Russland behält syrische Helikopter zurück
Die russische Regierung liefert vorerst keine Helikopter mehr nach Syrien. Die Rückgabe von drei in Russland reparierten Kampfhubschraubern sei verschoben worden, berichtet die Nachrichtenagentur Interfax unter Berufung auf russische Militärkreise. «Unter den aktuellen Umständen kann die syrische Führung die sichere Abnahme der Hubschrauber nicht gewährleisten.» Russland und Syrien hatten die Reparaturarbeiten 2008 vertraglich vereinbart.
Verletzter Geheimdienstchef gestorben
Die schweren Gefechte halten seit dem vergangenen Wochenende an. Sie wurden angeheizt durch einen schweren Anschlag auf den innersten Machtzirkel von Präsident Baschar al-Assad, bei dem am Donnerstag mehrere hochrangige Regierungsvertreter getötet worden waren.

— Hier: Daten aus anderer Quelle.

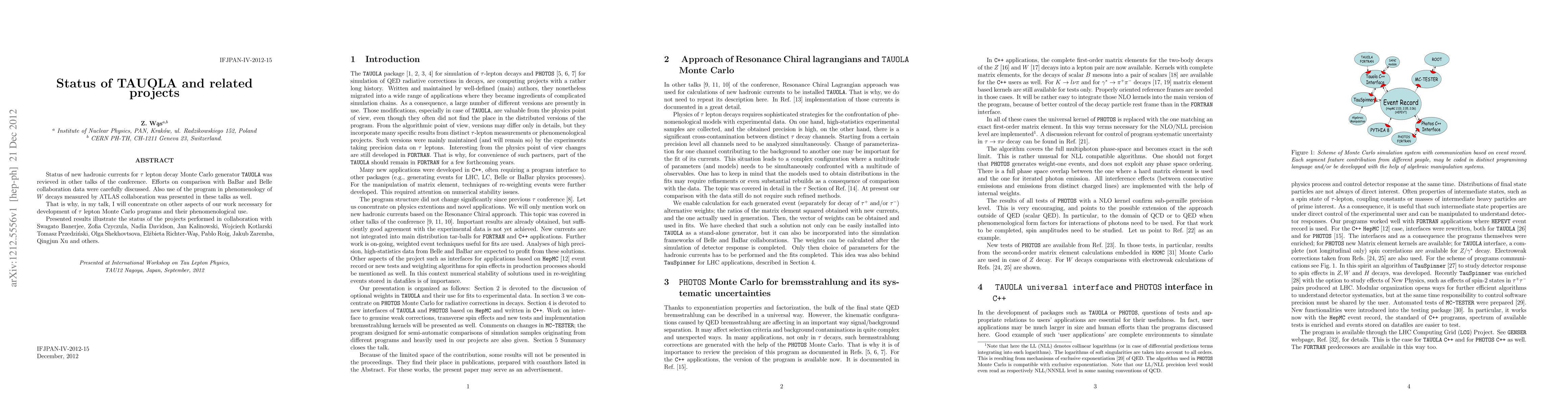 Status of new hadronic currents for tau lepton decay Monte Carlo generator TAUOLA was revieved in other talks of the conference. Efforts on comparison with BaBar and Belle collaboration data were carefully discussed. Also use of the program in phenomenology of W decays measured by ATLAS collaboration was presented in these talks as well. That is why, in my talk, I will concentrate on other aspects of our work necessary for development of tau lepton Monte Carlo programs and their phenomenological use. Presented results illustrate the status of the projects performed in collaboration with Swagato Banerjee, Zofia Czyczula, Nadia Davidson, Jan Kalinowski, Wojciech Kotlarski Tomasz Przedzinski, Olga Shekhovtsova, Elzbieta Richter-Was, Pablo Roig, Jakub Zaremba, Qingjun Xu and others.

Unter Opfern des Anschlags waren der Verteidigungsminister, ein Schwager Assads und – wie am Freitag bekannt wurde – auch der Geheimdienstchef des Landes. Hischam Bechtjar sei seinen Verletzungen im Spital erlegen, berichtete das Staatsfernsehen. Der Anschlag vom Mittwoch wird als schwerer Schlag für Präsident Assad gewertet.
Wo ist Präsident Assad?
Syriens Präsident Baschar al-Assad ist kein Mann, der den grossen Auftritt sucht. Doch derzeit glänzt er besonders auffällig durch Abwesenheit. Wo steckt der umstrittene Machthaber? Lesen Sie hier mehr dazu.
Streit um Verlängerung des Beobachtermandats
Im UNO-Sicherheitsrat zeichnet sich unterdessen weiterhin keine Einigung in der Syrien-Frage ab. Nachdem eine Syrien-Resolution im Rat erneut gescheitert ist, wird dort nun über die Fortsetzung der umstrittenen Beobachtermission gestritten. Das Mandat der Beobachter vom April läuft heute ab.
Die rund 300 Beobachter sollten eigentlich eine Waffenruhe zwischen Regierungstruppen und bewaffneter Opposition überwachen. Die syrische Opposition kritisiert die Mission, weil Gewalt und Blutvergiessen nicht zurückgegangen sind, sondern zugenommen haben. Ausserdem war die Bewegungsfreiheit der Beobachter stark eingeschränkt. Sie klagten über Behinderungen durch den Sicherheitsapparat. Oftmals war die Situation aber auch schlicht zu gefährlich, um unbewaffnet in ein Kampfgebiet zu fahren.